Alzheimer's disease (AD) is a kind of neurodegenerative disorder that remains uncurable, which is characterized by amyloid-β (Aβ) plaques and tau neurofibrillary tangles. With the intensification of aging in China, the prevalence of AD continues to rise, imposing a heavy economic burden on society and families. However, the development of AD therapeutics has remained notably slow.

Recent studies have demonstrated that microglia-mediated neuroinflammation plays a pivotal role in the pathogenesis and progression of AD. In AD, microglia are excessively and persistently activated by Aβ, thereby inducing chronic neuroinflammation, exacerbating tau pathology, promoting astrocyte dysfunction, and ultimately contributing to neuronal damage and degeneration. Multiple signaling pathways such as type I interferon, TLR signaling, and NLRP3 inflammasome have been reported to be involved in driving neuroinflammation, but the functional connections among them remain unclear.

Left-handed nucleic acid Z-DNA represents a non-canonical DNA secondary structure, which plays a pivotal role in innate immune activation through the Z-DNA-binding protein 1 (ZBP1) mediated signaling pathway. The identification of left-handed nucleic acid ligands has emerged as a pivotal scientific issue in this field. Additionally, studies conducted three decades ago revealed the presence of left-handed Z-DNA in AD patient brains, yet the underlying formation mechanisms, pathological roles, and the functional significance of ZBP1-mediated recognition remain entirely unexplored.

On September 2, 2025, the professor Daichao Xu’s Lab from the Interdisciplinary Research Center on Biology and Chemistry, Shanghai Institute of Organic Chemistry, Chinese Academy of Sciences, published a research paper called "Innate immune sensing of Z-nucleic acids by ZBP1-RIPK1 axis drives neuroinflammation in Alzheimer's disease" in Immunity. This article revealed that oxidatively fragmented Z-form mitochondrial DNA (Z-mtDNA) acts as a novel endogenous ligand for ZBP1, which drives the neuroinflammatory process mediated by microglia in AD. This discovery provides a new perspective for understanding the sensing of left-handed nucleic acids and the regulatory mechanism of neuroimmune in AD.

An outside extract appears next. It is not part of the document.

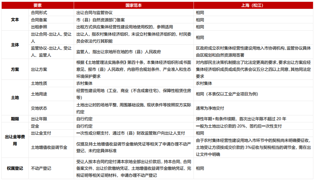 2015年以来,上海市松江区作为全国三十三个试点地区之一,不断实践完善集土入市制度,且上海从2014年开始不断加强工业用地出让管理,已形成较为成熟的产业用地全生命周期管理模式。此次国家示范文本中可以看到上海集土入市试点和产业地产管理经验的大量元素,我们将主要条款内容进行对比梳理,具体见附表-集土入市示范文本与上海试点条款比对表。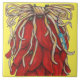 Accented with a little blue lizard, the top tile of my multi-tile chile ristra mural design features bright red chiles strung together with a casual raffia bow. Available in two tile sizes, you can build a red chile ristra tile mural or a unique, custom house number display. The middle tiles in the ristra are available with white numerals #0 to 9 as well as one with no numbers. Choose what works best for you in your welcoming southwest design! Has a cheerful yellow background. All tiles are available in my Collection. Original artwork & design by tile artist Tuzi Williams.

Xu’s lab discovered that in the pathological environment of AD, Aβ induced mitochondrial reactive oxygen species (mtROS) in microglia oxidized mtDNA guanine oxidizaition to generate 8-oxoG DNA. Subsequently, oxidized mtDNA was fragmented by mitochondria nucleases and released into the cytoplasm through the mPTP-VDAC channel. These 8-oxoG-containing mtDNA fragments undergo conformational changes to form Z-DNA, which can be specifically recognized by ZBP1 to mediate RIPK1 recruitment and subsequently kinase activation. This process simultaneously promotes multiple pro-inflammatory pathways such as type I interferons, TLR signaling, and NLRP3 inflammasome (Figure 1), ultimately leading to neuroinflammation and AD pathology.

Furthermore, ZBP1 deficiency or RIPK1 kinase inactivation in AD model significantly alleviates neuroinflammation, Aβ deposition, and behavioral defects. This result not only established the core role of the Z-DNA-ZBP1-RIPK1 axis in AD neuroinflammation, but also first clarified that endogenous Z-DNA produced by ROS serves as the key molecule activating this pathway.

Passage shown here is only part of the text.